Dalam kurun waktu tiga bulan, Pram berhasil menyusun kembali tumpukan kertas yang sudah lusuh menjadi sebuah buku. Awal Juli 1980, naskah Bumi Manusia dikirim ke percetakan Aga Press dan cetakan pertama keluar pada 25 Agustus 1980.

Perjuangan Pram menerbitkan Tetralogi Buru tak berhenti sampai disitu. Setelah jilid pertama Bumi Manusia beredar, Kejaksaan Agung melarang peredaran buku ini pada tahun 1981 dengan tuduhan mempropagandakan ajaran-ajaran Marxisme-Leninisme dan Komunisme, walaupun dalam buku ini tidak disebut-sebut sedikit pun tentang ajaran-ajaran Marxisme-Leninisme atau komunisme.

Semua agen dan toko buku didatangi oleh Kejaksaan Agung yang menyita semua eksemplar Bumi Manusia dan Anak Semua Bangsa.
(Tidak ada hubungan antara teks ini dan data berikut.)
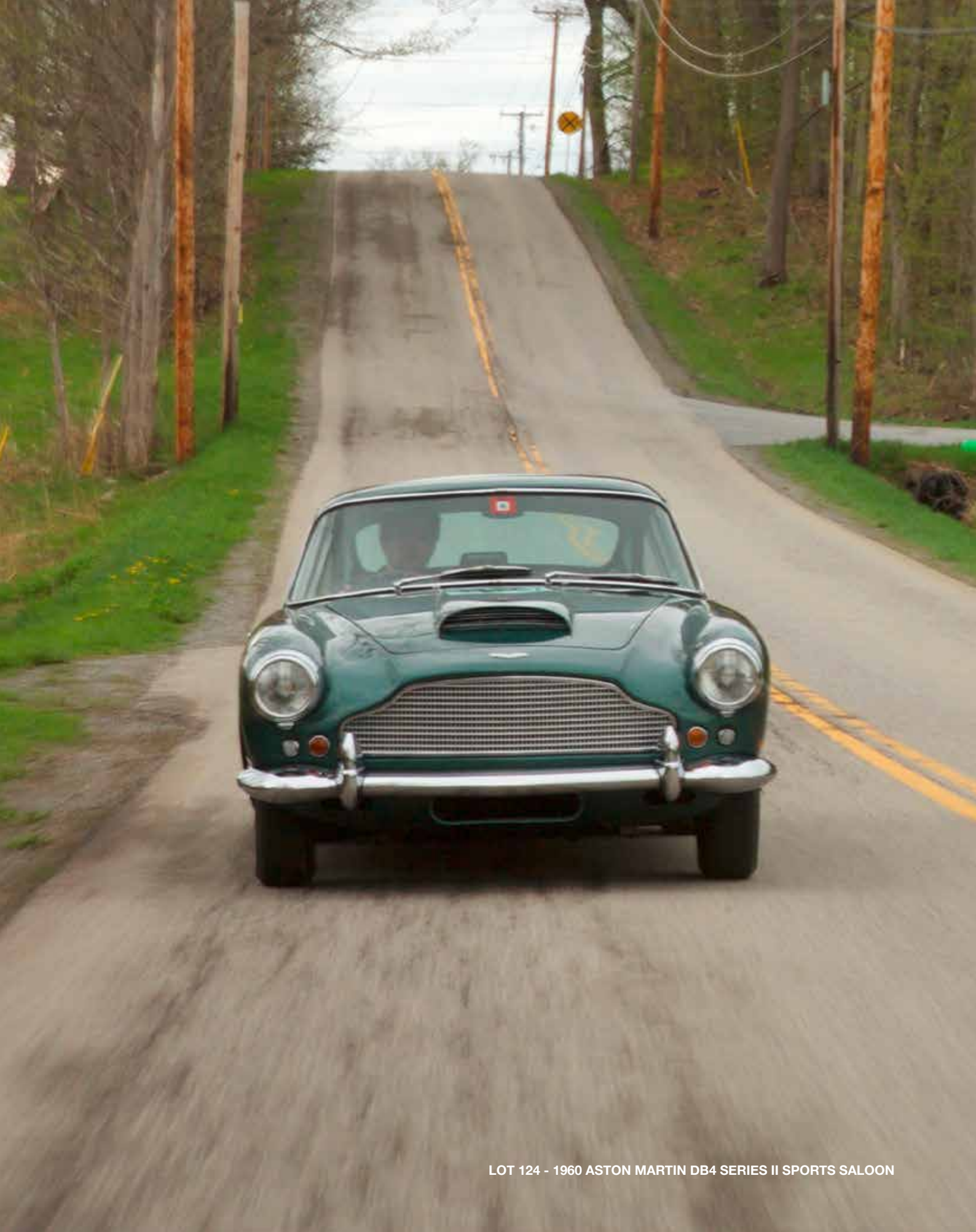
LOT 124 - 1960 ASTON MARTIN DB4 SERIES II SPORTS SALOON
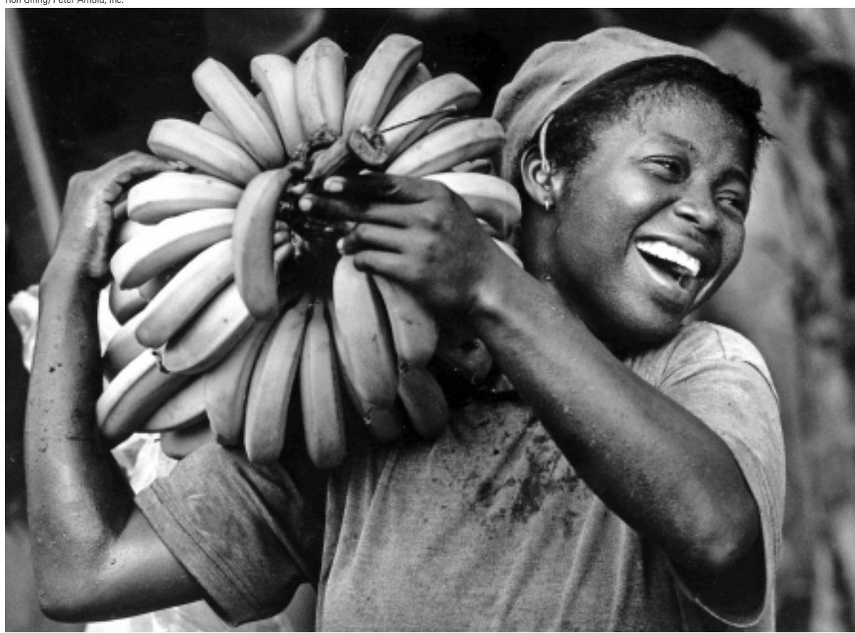
Harvesting organic bananas, near Lake Volta, Ghana.

believe that a global conversion to organic farming would not proceed as seamlessly as plugging some yield ratios into a spreadsheet.
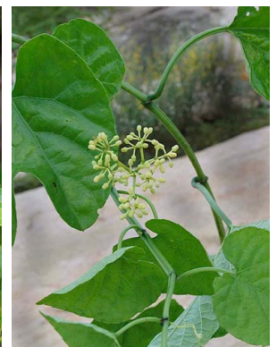
60 Cissus verticillata VITACEAE
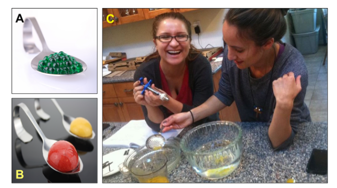
Modern Chemistry in the Kitchen. A. Mint direct spherification. B. Reverse or indirect spherification of liquid flavors. C. Students preparing their own creation of a direct spherification

This laboratory describes three types of molecular gastronomy style (aka modernist cuisine) food experiments. Gels and hydrocolloids are examples of food polymers. Many food polymers including complex polysaccharides, can bind a significant number of water molecules due to many polar bonds found their carboxyl and alcohol functional groups. Because these long polymers bind to shells of water and interact with each other (sometimes binding directly to each other called cross-linking), gels and hydrocolloids add a viscosity to a solution. At higher concentrations they form a semi-solid "gel" as the polymers will interact with each other. These long strands of polymers will tangle, can cross-link and have a tremendous water holding ability. This means the water is "held in place" by the intertwined gels and hydrocolloids. Altogether, this physical interaction creates a coherent liquid mass that is used for many purposes. A simple examination of food in the freezer section (frozen prepared
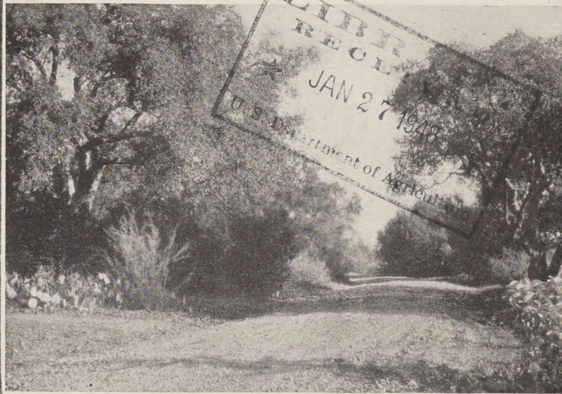
CALIFORNIA LIVE OAKS Photograph by Ralph D. Cornell.

Tapi sampai Agustus 1981, hanya ada 972 eksemplar yang diterima oleh Kejaksaan Agung, dari sekitar 20.000 eksemplar yang beredar.

Buku tersebut tetap dilarang di Indonesia hingga tahun 1990-an.  Adanya teknologi internet, hasil scan dari buku-buku Pramoedya mulai menemukan jalan mereka dan beredar secara sembunyi-sembunyi. Salinan Tetralogi Pulau Buru mulai tersedia di beberapa toko buku Jakarta pada awal 2000-an, setelah Soeharto lengser.

Berkat perjuangannya, Pram telah menghasilkan lebih dari 50 Karya dan diterjemahkan ke dalam 41 bahasa asing. Untuk Tetralogi Buru sendiri sudah diterjemahkan ke dalam 20 bahasa.